No miró a ninguna de la mujeres que estaban cerca de su poltrona y abandonó el bello y placentero recinto del harén como si trasladarse a otro aposento supusiese una pesada carga para la real persona.
Dos eunucos le servían de apoyo y caminaban despacio para no cansar en exceso al gran sultán. Apenas habían dado unos pasos fuera del harén y ya otros criados negros de piel brillante y muy musculosos acudieron para asistir a su amo y hacerle más llevadero el camino hasta el rico salón donde recibía y ya le esperaban los nobles del reino y el resto de los prohombres de su corte.

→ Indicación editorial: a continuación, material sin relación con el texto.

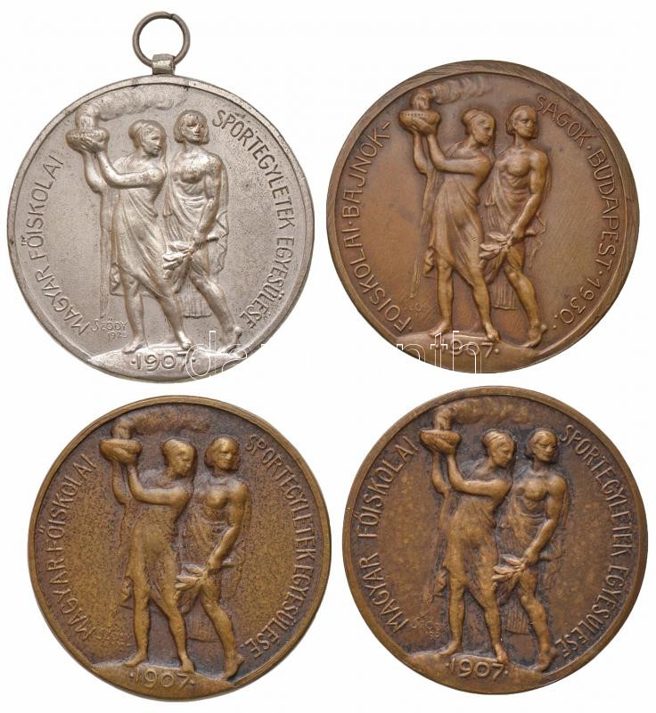 Leírás: Sződy Szilárd (1878-1939) ~1930. "Magyar Főiskolai Sportegyletek Egyesülése" (3x) + "Főiskolai Bajnokságok Budapest" Br díjérmek, egyik ezüstözve és füllel (40-41mm) T:2

El sultán se acomodó en otro lecho de cojines de seda recamados en oro y el más joven de los eunucos que lo acompañaban se sentó a sus pies mientras el otro lo hacía al lado del gran señor y éste comenzó a pasar la mano por el lampiño mentón del chico, que sonreía y se mostraba tan mimoso y dulce como un pequeño gato de angora.
El soberano hizo un gesto con su mano izquierda, pues la derecha estaba ocupada jugando con la barbilla del eunuco, y se aproximó el chambelán para oír las palabras que el sultán le dijo a media voz, como no queriendo gastar más energía que las imprescindibles para ser oído sin esfuerzo.
El gran mayordomo de la corte salió de la sala y todos los presentes quedaron expectantes sin que apenas se escuchase un leve murmullo de comentarios entre ellos, que supuestamente especulaban sobre que decisión habría tomado el monarca, dueño absoluto de sus vidas y voluntades.
Al rato entró de nuevo el chambelán, seguido por un noble joven muy apuesto y elegantemente vestido, y al llegar ante el sultán este muchacho se inclinó con un gracioso ademán de su brazo que ascendía desde el pecho hasta la frente simulando rozar su barbilla y la punta de la nariz.
Abu Hafs Umar hizo otro gesto y el joven se acercó más a la preciosa poltrona del rey esperando que éste indicase al chambelán o a otro esclavo que le trajesen un escabel donde sentarse en presencia de su señor.
Y así sucedió y Nauzet, que ese era el nombre del atractivo y joven noble, tomó asiento junto al sultán y miró sonriente a los dos eunucos que le servían de entretenimiento a su amo y éstos se ruborizaron.
Todavía no había abierto la boca el sultán y otro esclavo apareció en el salón y con mucha prisa se postró hincándose de hinojos y besando el suelo, solicitando de ese modo que el rey atendiese lo que tenía que trasmitirle.
Y el esclavo dijo: “Mi señor, un mensajero ha traído noticias de Fez.
Vuestro enemigo el que se hace llamar sultán y señor de todo este reino que os pertenece por sangre y derecho, ha mandado una tropa más grande y mejor armada que la anterior para interceptarle el camino al príncipe Yusuf y que ni él ni sus séquito puedan llegar vivos a esta ciudad”.
Y el gran sultán preguntó al siervo: “Y por qué motivo no se presenta ante su señor ese mensajero?”
“Ese soldado está exhausto por el esfuerzo al venir a uña de caballo y sin descanso alguno hasta reventar el corcel que montaba, mi amo”, contestó el esclavo besando el suelo donde antes pisara su dueño y soberano.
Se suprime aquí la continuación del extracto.